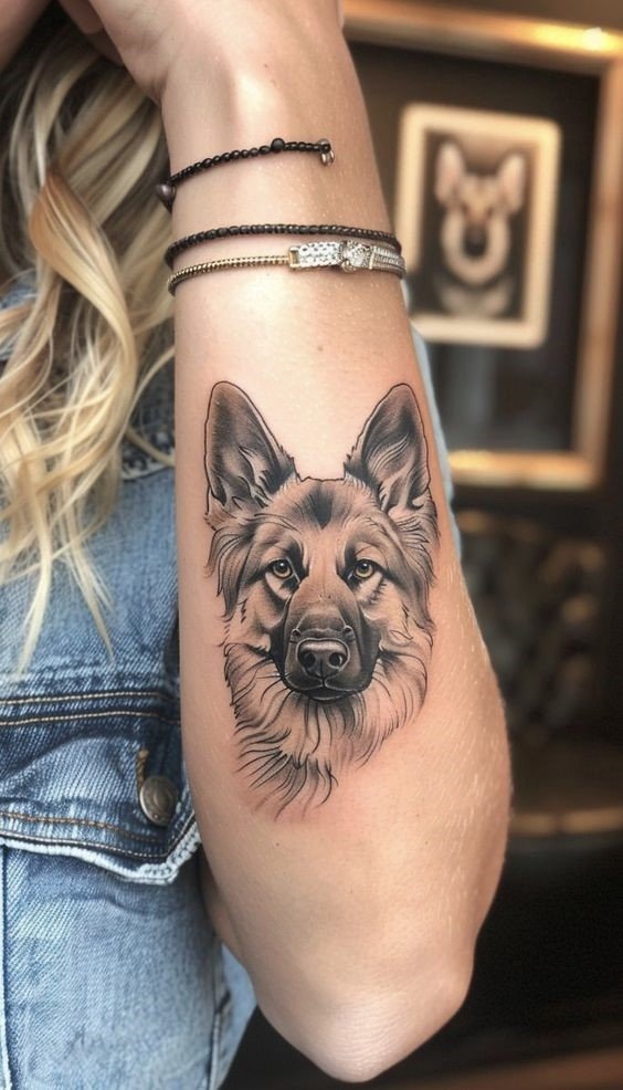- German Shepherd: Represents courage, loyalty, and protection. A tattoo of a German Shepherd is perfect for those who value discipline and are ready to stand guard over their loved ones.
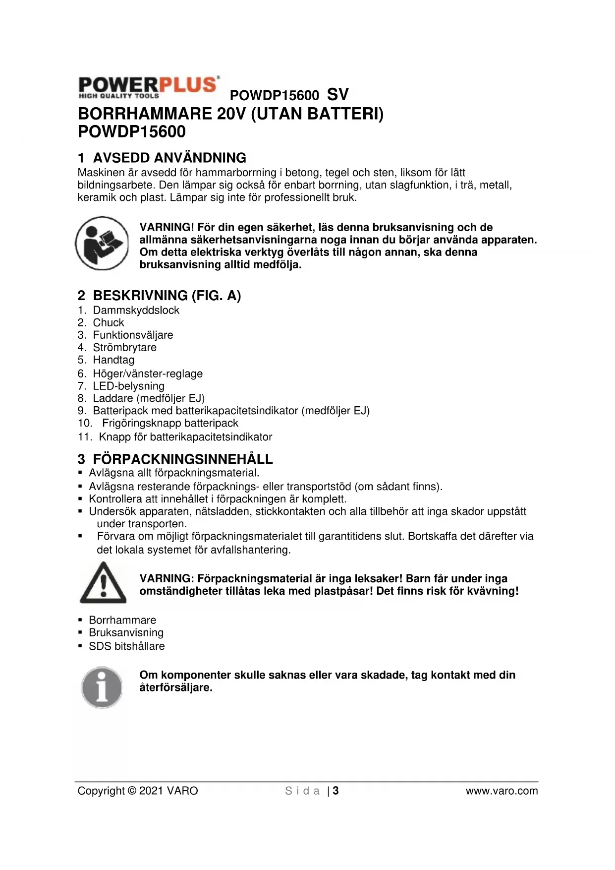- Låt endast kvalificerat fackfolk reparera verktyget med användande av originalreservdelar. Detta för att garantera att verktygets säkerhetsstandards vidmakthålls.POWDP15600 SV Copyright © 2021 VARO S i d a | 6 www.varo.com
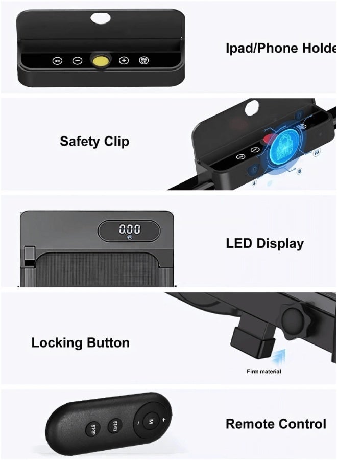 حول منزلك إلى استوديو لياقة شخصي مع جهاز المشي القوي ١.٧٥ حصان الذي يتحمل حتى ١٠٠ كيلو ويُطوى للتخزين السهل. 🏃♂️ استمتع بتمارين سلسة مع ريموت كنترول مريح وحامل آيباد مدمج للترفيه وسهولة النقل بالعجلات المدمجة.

**WHAT TO PRODUCE**
Word for word, restate the material above; do not carry over the pictures.

**SOLUTION**
- German Shepherd: Represents courage, loyalty, and protection. A tattoo of a German Shepherd is perfect for those who value discipline and are ready to stand guard over their loved ones.
- Låt endast kvalificerat fackfolk reparera verktyget med användande av originalreservdelar. Detta för att garantera att verktygets säkerhetsstandards vidmakthålls.POWDP15600 SV Copyright © 2021 VARO S i d a | 6 www.varo.com
 حول منزلك إلى استوديو لياقة شخصي مع جهاز المشي القوي ١.٧٥ حصان الذي يتحمل حتى ١٠٠ كيلو ويُطوى للتخزين السهل. 🏃♂️ استمتع بتمارين سلسة مع ريموت كنترول مريح وحامل آيباد مدمج للترفيه وسهولة النقل بالعجلات المدمجة.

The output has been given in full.